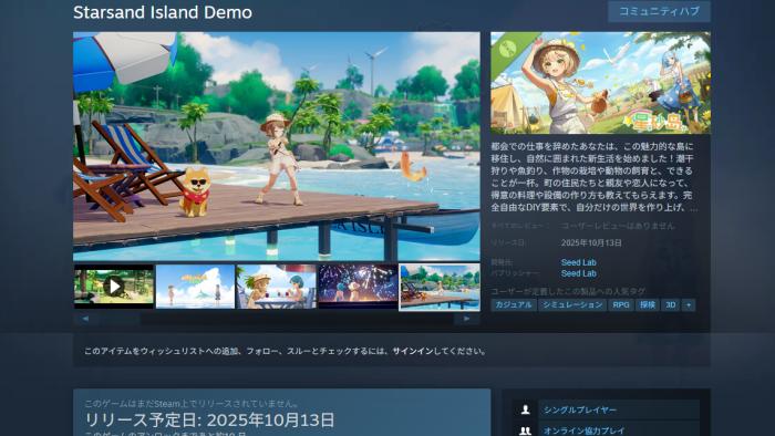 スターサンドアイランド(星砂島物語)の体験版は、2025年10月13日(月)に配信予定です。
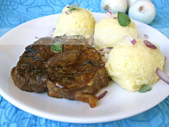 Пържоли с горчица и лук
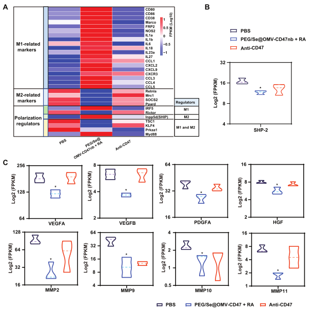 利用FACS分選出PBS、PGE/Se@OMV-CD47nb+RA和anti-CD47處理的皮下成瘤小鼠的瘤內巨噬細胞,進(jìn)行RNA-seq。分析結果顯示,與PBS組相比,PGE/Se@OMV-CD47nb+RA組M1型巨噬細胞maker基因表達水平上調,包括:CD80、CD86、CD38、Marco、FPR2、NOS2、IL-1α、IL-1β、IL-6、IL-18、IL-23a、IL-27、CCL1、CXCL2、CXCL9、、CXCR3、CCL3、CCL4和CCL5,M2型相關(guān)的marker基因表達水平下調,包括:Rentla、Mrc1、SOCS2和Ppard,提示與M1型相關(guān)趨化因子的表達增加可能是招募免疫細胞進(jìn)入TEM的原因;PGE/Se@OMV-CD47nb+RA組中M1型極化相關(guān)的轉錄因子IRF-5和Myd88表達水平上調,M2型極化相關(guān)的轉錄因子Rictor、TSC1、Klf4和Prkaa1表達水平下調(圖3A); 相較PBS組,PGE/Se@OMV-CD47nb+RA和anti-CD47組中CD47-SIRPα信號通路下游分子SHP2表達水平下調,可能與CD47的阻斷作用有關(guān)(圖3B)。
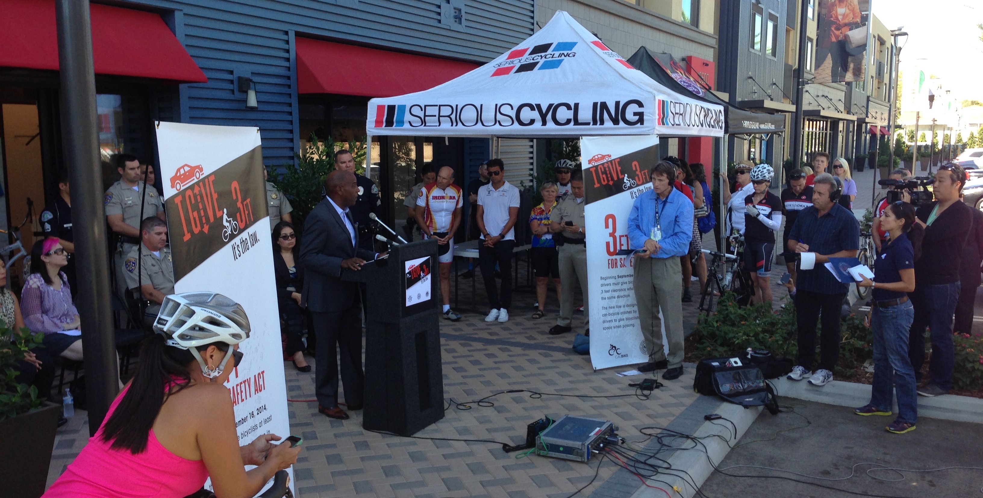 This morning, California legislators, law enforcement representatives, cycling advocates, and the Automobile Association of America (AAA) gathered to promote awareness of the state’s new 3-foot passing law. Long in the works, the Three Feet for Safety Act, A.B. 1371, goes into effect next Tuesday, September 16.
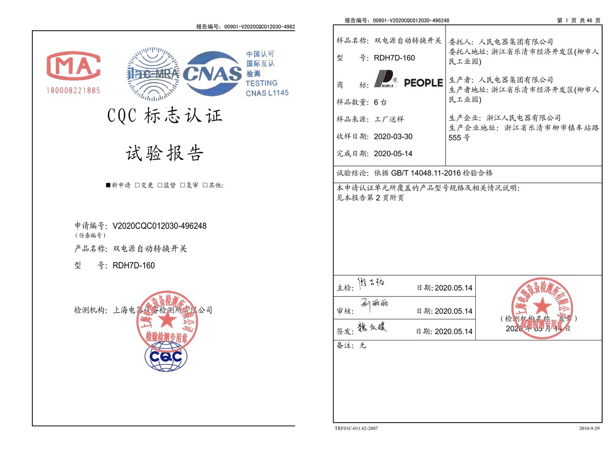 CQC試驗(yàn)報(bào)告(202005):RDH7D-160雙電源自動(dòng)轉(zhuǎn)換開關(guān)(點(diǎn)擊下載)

---*---

TASK ITEM: Every line from the one that holds "Пържоли с горчица и лук" to the end of the listing should be output exactly, with pictures left out, please.

RESPONSE:
 Пържоли с горчица и лук
 利用FACS分選出PBS、PGE/Se@OMV-CD47nb+RA和anti-CD47處理的皮下成瘤小鼠的瘤內巨噬細胞,進(jìn)行RNA-seq。分析結果顯示,與PBS組相比,PGE/Se@OMV-CD47nb+RA組M1型巨噬細胞maker基因表達水平上調,包括:CD80、CD86、CD38、Marco、FPR2、NOS2、IL-1α、IL-1β、IL-6、IL-18、IL-23a、IL-27、CCL1、CXCL2、CXCL9、、CXCR3、CCL3、CCL4和CCL5,M2型相關(guān)的marker基因表達水平下調,包括:Rentla、Mrc1、SOCS2和Ppard,提示與M1型相關(guān)趨化因子的表達增加可能是招募免疫細胞進(jìn)入TEM的原因;PGE/Se@OMV-CD47nb+RA組中M1型極化相關(guān)的轉錄因子IRF-5和Myd88表達水平上調,M2型極化相關(guān)的轉錄因子Rictor、TSC1、Klf4和Prkaa1表達水平下調(圖3A); 相較PBS組,PGE/Se@OMV-CD47nb+RA和anti-CD47組中CD47-SIRPα信號通路下游分子SHP2表達水平下調,可能與CD47的阻斷作用有關(guān)(圖3B)。
 This morning, California legislators, law enforcement representatives, cycling advocates, and the Automobile Association of America (AAA) gathered to promote awareness of the state’s new 3-foot passing law. Long in the works, the Three Feet for Safety Act, A.B. 1371, goes into effect next Tuesday, September 16.
 CQC試驗(yàn)報(bào)告(202005):RDH7D-160雙電源自動(dòng)轉(zhuǎn)換開關(guān)(點(diǎn)擊下載)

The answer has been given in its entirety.